When you shoot properly, your breath is expelled with force, like coughing. Your body involuntarily flexes slightly, causing a slight barrel jerk. In Japan, they have weights added to try to counter act that. The laser sight made for blowguns is a low-end pointer (constant on), difficult to focus and adjust, at 10 meters, it shines at 3 cm (the bulls-eye on a standard sanctioned competition target is 6 cm. On my Master target, is 3 cm, so this is usesless) diameter. Blowgunsnw.com is now offline. Sorry. If anyone is interested, they are carried by Target Zone sports for @ $22 http://www.blowgun.com/shop/item.aspx?itemid=175 (will not fit on the 0.40 cal. barrel)

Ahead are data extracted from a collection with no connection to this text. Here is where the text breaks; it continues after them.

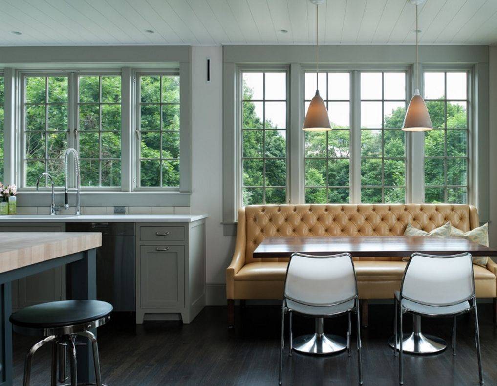 Может иметь прямую или угловую форму. Каркас дивана-скамейки чаще всего, выполняется в одном цветовом и стилевом решении с кухонным гарнитуром и в основном представляет собой деревянное основание, украшенное мягкими подушками для сидения.
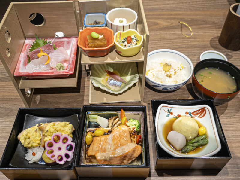 朝食はゲストハウスにあるレストランにてです。徒歩でも5分ほどで着きますが上りの坂道で勾配がそれなりにあるので、部屋にあるタブレットよりバスを呼ぶのもありです。すぐ来てくれます。
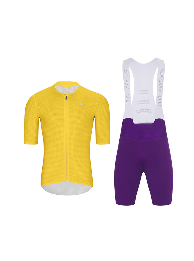 Cyklistický krátký dres a krátké kalhoty - ELEVATE - fialová/žlutá
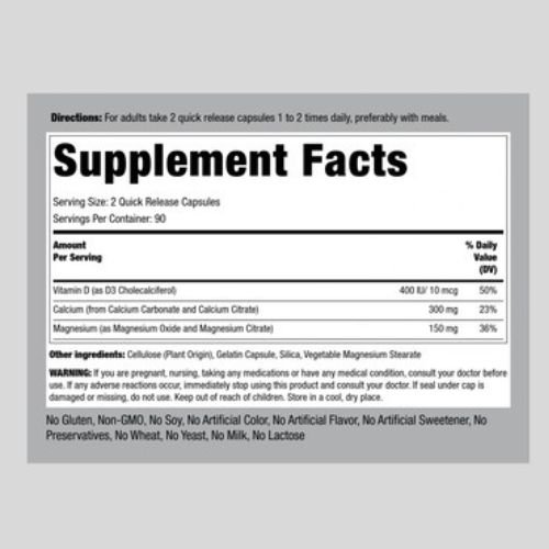• Convenient Daily Support: With 180 quick-release capsules per bottle, Piping Rock Calcium & Magnesium Citrate Plus D3 provides a convenient supply for daily use. Simply take the recommended serving size each day to help maintain strong bones and overall wellness.
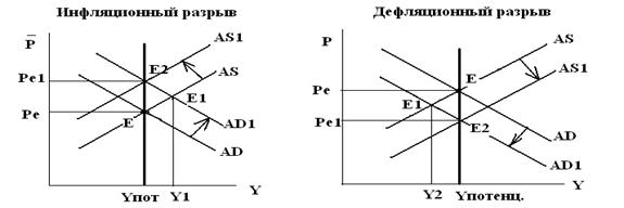 Если кривая совокупного спроса AD сдвигается влево (рост налогов) AD1, то Y2 меньше Y потенциального, возникнет дефляционный разрыв (рис. 2.7.б). Фирмы сокращают численность рабочих, снижают объем производства. Временное снижение цен приводит к временному повышению реального дохода (можно купить больше товаров и услуг). Уволенные работники согласятся работать за меньшую зарплату, что приведет к снижению издержек, поэтому совокупное предложение AS сдвинется вправо AS1 к Y потенциальному, но на другом уровне цен Ре1.
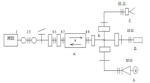 поступає в пристрій, який має ідеально узгодженні вузли А, Б, С, Д і Е (рис.1).
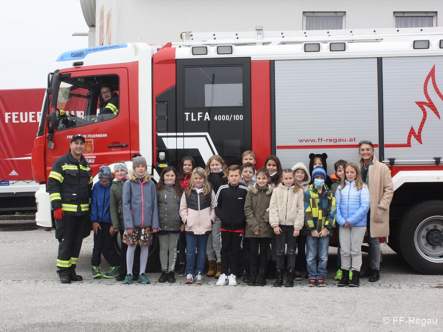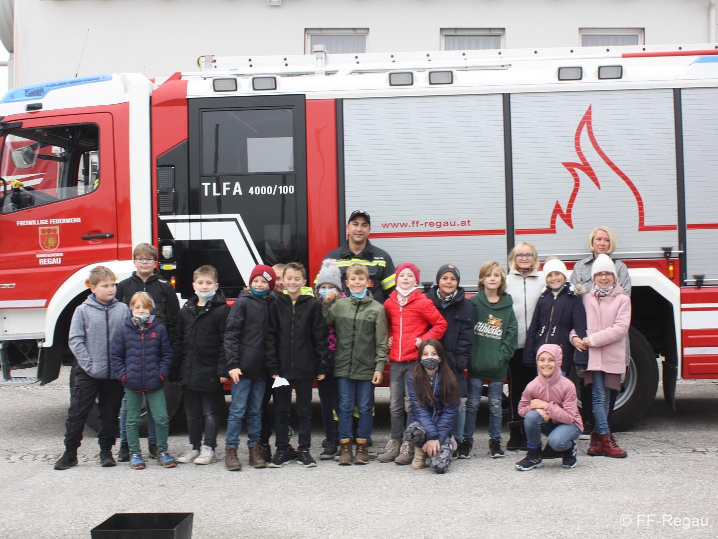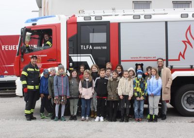 Abschließend gab es noch die Fahrt mit den Feuerwehrfahrzeugen zurück zur Volksschule. Das war natürlich nicht minder spektakulär als die Feuerlöscherübung!
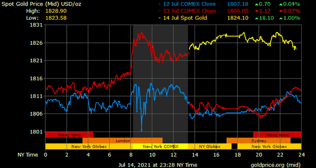 Giá vàng tương lai giao tháng 8 trên sàn Comex New York tăng nhẹ lên trên 1.8125 USD/ounce.
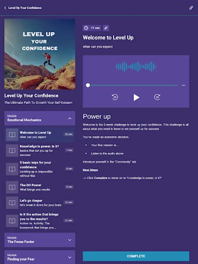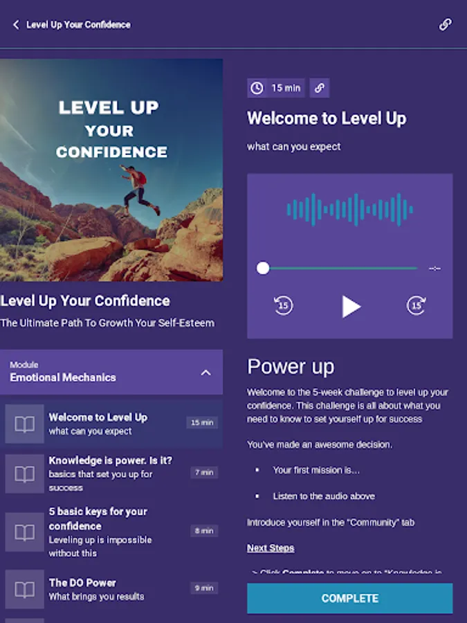 This app brings you to the next level in your confidence and self-esteem. Join our community & check out the unique content that will help you go further faster higher in your life. Installing the app is free of charge.
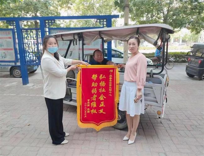 6月24日,曹某和其家屬來(lái)到該縣司法局公共法律服務(wù)中心,送來(lái)一面上書(shū)“弘揚(yáng)社會(huì)正義幫助弱者維權(quán)”的錦旗,以表對(duì)法律援助中心和援助律師的感謝。
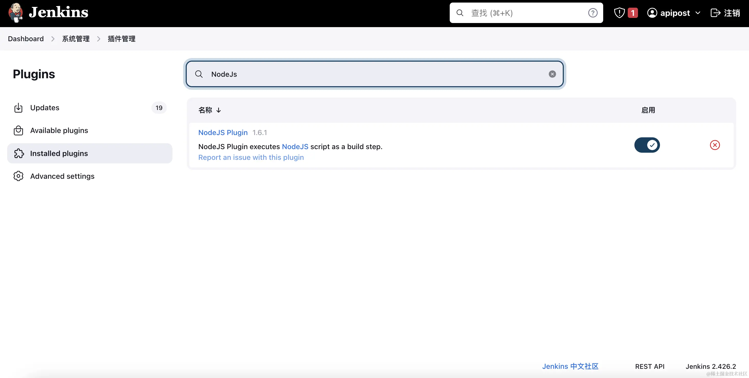 Apipost cli基于Node js运行 需要在jenkins上配置NodeJs依赖
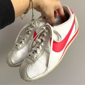 Nike Classic Cortez White / Red Nylon Sneakers - 8-8.5
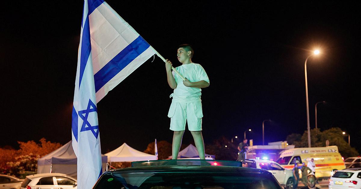 IMAGE: A boy holds an Israeli flag while standing on top of a car in Sderot after confirmation of Yahya Sinwar's death. Photograph: Amir Cohen/Reuters
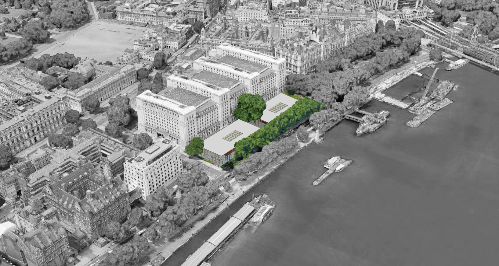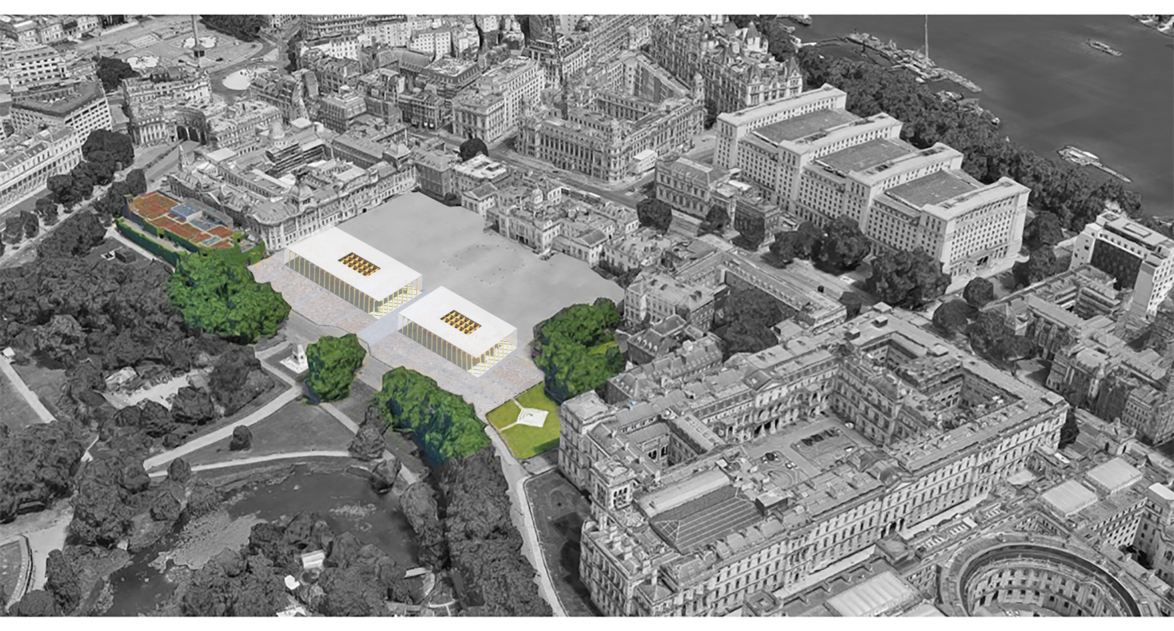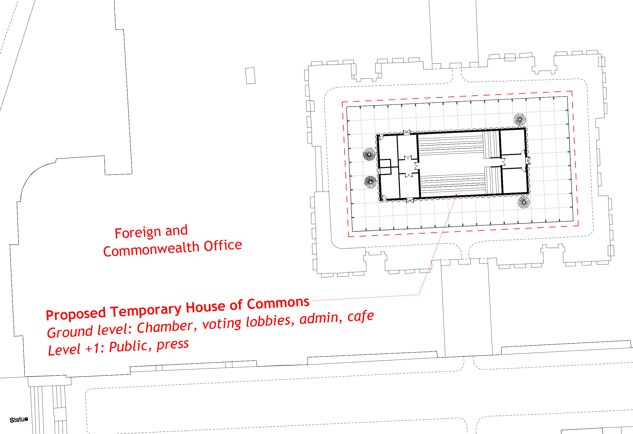 Our drawings show the concept illustrated in three different potential locations; the House of Commons and House of Lords placed in Whitehall Gardens in front of the MOD building; a view of the same buildings on Horse Guards Parade; and in the FCO Courtyard (the Commons), and the Treasury’s Courtyard (the Lords).
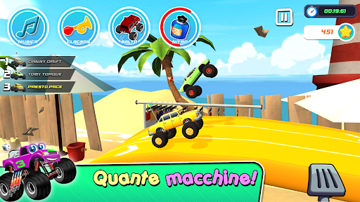 Divertenti pulsanti colorati per saltare, suonare il clacson e cambiare la traccia musicale o attivare il nitro per accelerare davanti alle altre auto. Sblocca nuove antenne e ruote per spingere ancora di più il tuo monster truck.
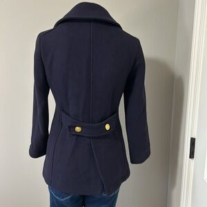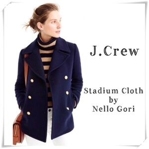J Crew Stadium Cloth by Nello Gori Wool Blend Classic Pea Coat Navy Blue Sz 0
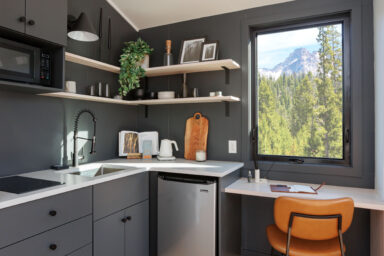 The kitchen is a culinary haven with birch cabinets, flat panel doors and drawer fronts, and full-extension, soft-close drawers. It is equipped with an electric cooktop, microwave, and under-counter fridge. Adjacent to the kitchen, a cozy eating nook offers a charming space to savor meals while enjoying the view.

A less expensive option ($6) is the Tactical Weaver Rail Mount http://www.blowgun.com/shop/item.aspx?itemid=914 I have seen this used in Germany, to hold a high power LED MagLight for night hunting.

They also have a magnetic ring (Dart Retainer) for $4 http://www.blowgun.com/shop/item.aspx?itemid=901 "keeps the darts near the mouthpice so you can shoot at a downward angle if needed" Neat idea for hunting. No use in competition target shooting.

Pictures and how to make & use the wire sight are in the Tech Tips gallery.


----------



## Jonesysoutdoors22 (Nov 12, 2015)

Cs big bore-I used rain-x in bore.seems to work great so far.


----------